Frequently asked questions
- What is a covered call on QDTE?
- A covered call on QDTE is the covered call strategy applied to QDTE (etf). The strategy is structurally neutral to slightly bullish: A covered call pairs long stock with a short out-of-the-money call, collecting premium and capping upside above the short strike in exchange for income. With QDTE etf trading near $31.11, the strikes shown on this page are snapped to the nearest listed QDTE chain strike and the premiums come straight from the end-of-day bid/ask midpoint.
- How are QDTE covered call max profit and max loss calculated?
- Max profit equals short-strike minus cost basis plus premium times 100; max loss is cost basis minus premium (at zero). Breakeven is cost basis minus premium. For the QDTE covered call priced from the end-of-day chain at a 30-day expiry (ATM IV 19.50%), the computed maximum profit is unbounded per contract and the computed maximum loss is unbounded per contract. Live intraday quotes will differ as the chain moves through the trading session.
- What is the breakeven for a QDTE covered call?
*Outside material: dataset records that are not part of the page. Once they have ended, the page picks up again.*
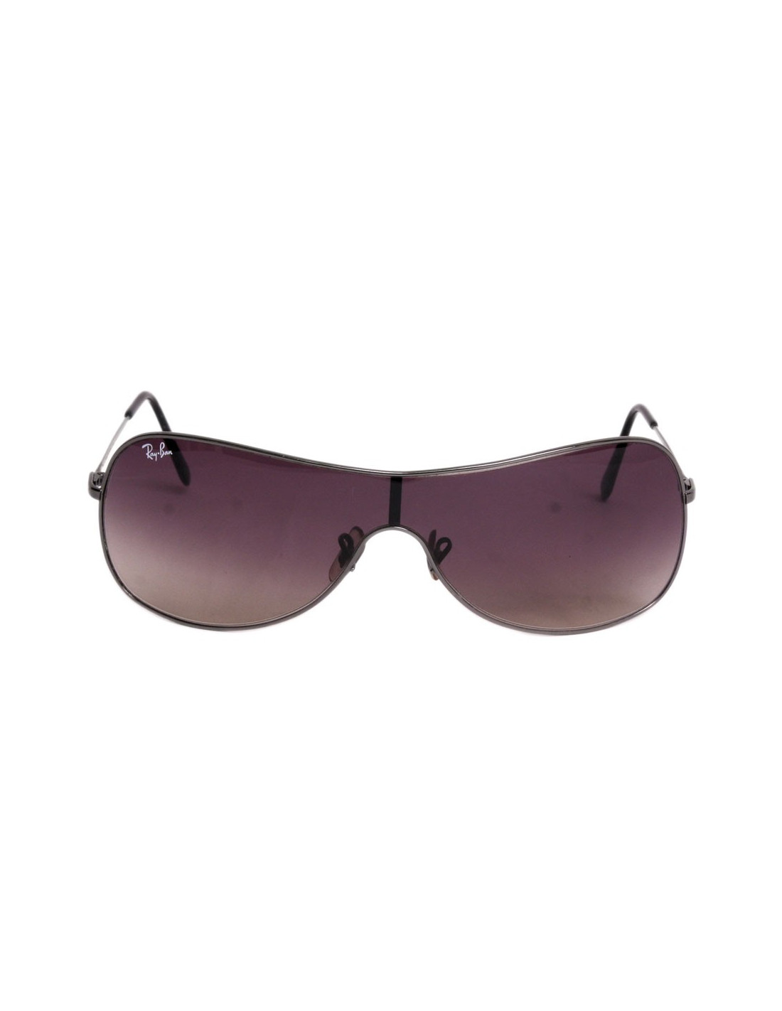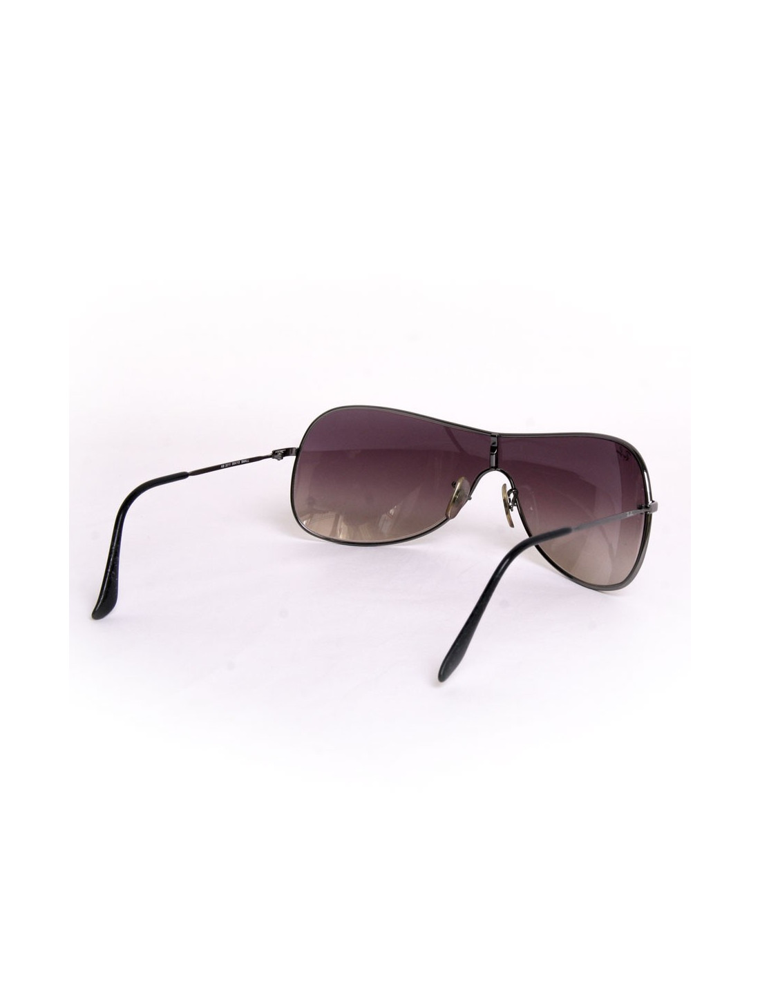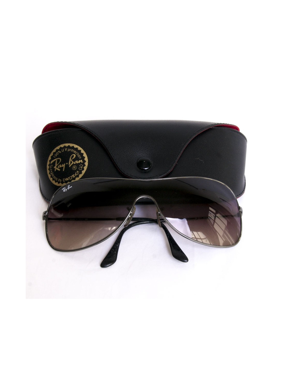 Lunettes de soleil Ray Ban, la monture est en métal de couleur ruthénium et les verres sont teintés de couleur marron. Les branches de la partie plastifiée sont abimées.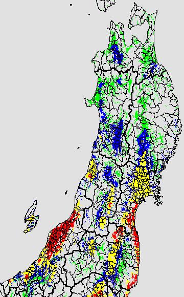 安全作期の策定にある気温指標のうち、いもち病蔓延可能日の平均気温指標20.0℃を用いて表示し、20.0℃未満については1℃刻みで表示します。過去7日の移動平均値で示す。いもち病の蔓延可能域を監視するものです。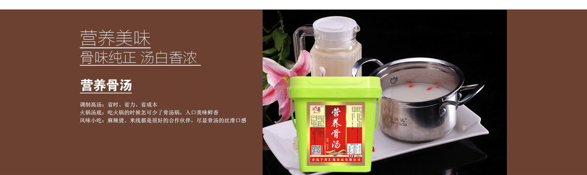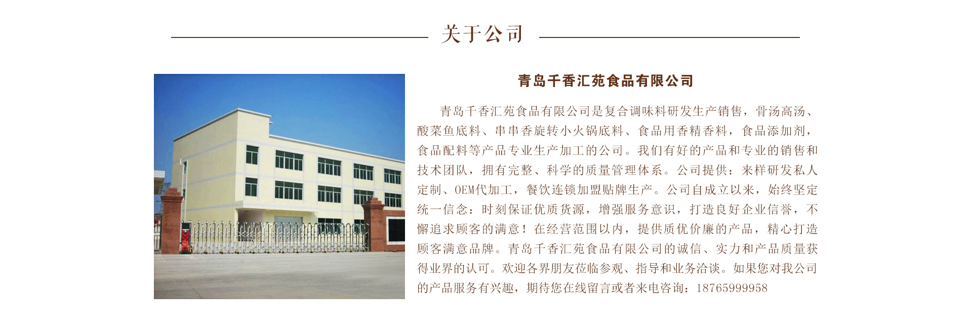 味曦工廠承接代加工貼牌,底料定向研發,味曦品牌加盟,餐飲管理咨詢。 幫廚食品調味料 咨詢電話:18765 9999 58 味曦餐飲管理理念,量身定做 火鍋調料,本公司自有工廠,研發團隊實力雄厚,歡迎全國老 板成噸拿貨代理,歡迎咨詢,支持客戶實地驗廠,實力品質保證! 青島千香匯苑食品有限公司是一家經營復合調味料的研發生產以及銷售的公司,公司主要經營:骨湯高湯、酸菜魚底料、串串香旋轉小火鍋底料、火鍋蘸料、腌制料鹵制料、食品用香精香料,食品添加劑,食品配料等產品。我們有好的產品以及專業的銷售和技術團隊,擁有完整、科學的質量管理體系。公司提供:來樣研發私人定制、OEM代加工,餐飲連鎖加盟貼牌生產。公司自成立以來,始終秉承著時刻保證優質貨源,增強服務意識,打造良好的企業信譽,不懈追求讓客戶的滿意的宗旨!在經營范圍以內,提供好的產品,精心打造顧客滿意品牌。青島千香匯苑有限公司用誠信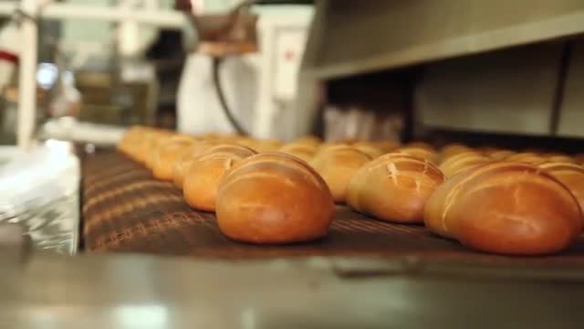 Production of buns. Plant for the production of bread. Bread from the oven. Baking buns. Buns on the conveyor. Confectionery. Bakes rye bread. Bread bakery food factory production with fresh products.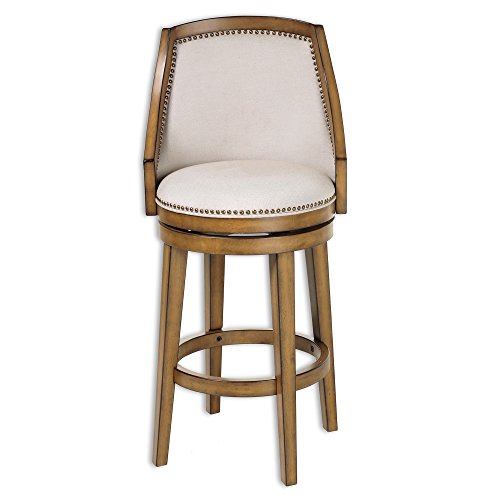 -. Brand : Fashion Bed Group -. Feature : Seat height: 30 in.; Dimensions: 23W x 21D x 45.63H in. / Seat width: 23 in. / Wood frame with seat upholstered in putty fabric / Acorn finish / Barrel-shaped backrest -. Label : Fashion Bed Group -. Manufacturer : Fashion Bed Group -. MPN : C1X100 -. PackageQuantity : 1 -. PartNumber : C1X100 -. ProductGroup : Furniture -. ProductTypeName : HOME_FURNITURE_AND_DECOR -. Publisher : Fashion Bed Group -. Studio : Fashion Bed Group -. Title : Fashion Bed Group Charleston 30 in. Swivel Bar Stool - Acorn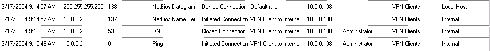 4. 你也可以使用实时记录特性来监视VPN客户的连接,点击Logging 标签,然后点击任务面板的 Tasks 标签,点击 Start Query 链接,这儿你可以看到通过防火墙的所有通信。你也可以使用过滤来观察指定的VPN客户或VPN客户网络。

- The breakeven for the QDTE covered call priced on this page is no defined breakeven on the modeled curve at expiration, derived from end-of-day chain premiums. Breakeven is the underlying price at which the strategy's P&L crosses zero ignoring transaction costs and assignment risk. The current QDTE market-implied 1-standard-deviation expected move is approximately 5.59%; if the move sits well outside the breakeven distance, the structure's risk-reward becomes correspondingly tighter.
- When should you consider a covered call on QDTE?
- Covered calls on QDTE are an income strategy run on existing QDTE etf positions; traders typically sell calls at 25-35 delta with 30-45 days to expiration to balance premium against upside cap.
- How does current QDTE implied volatility affect this covered call?
- QDTE ATM IV is at 19.50% with IV rank near 3.84%, which is on the low end of its 1-year range. Premium-buying structures (long call, long put, debit spreads) are relatively cheap in this regime; premium-selling structures collect less credit per unit risk.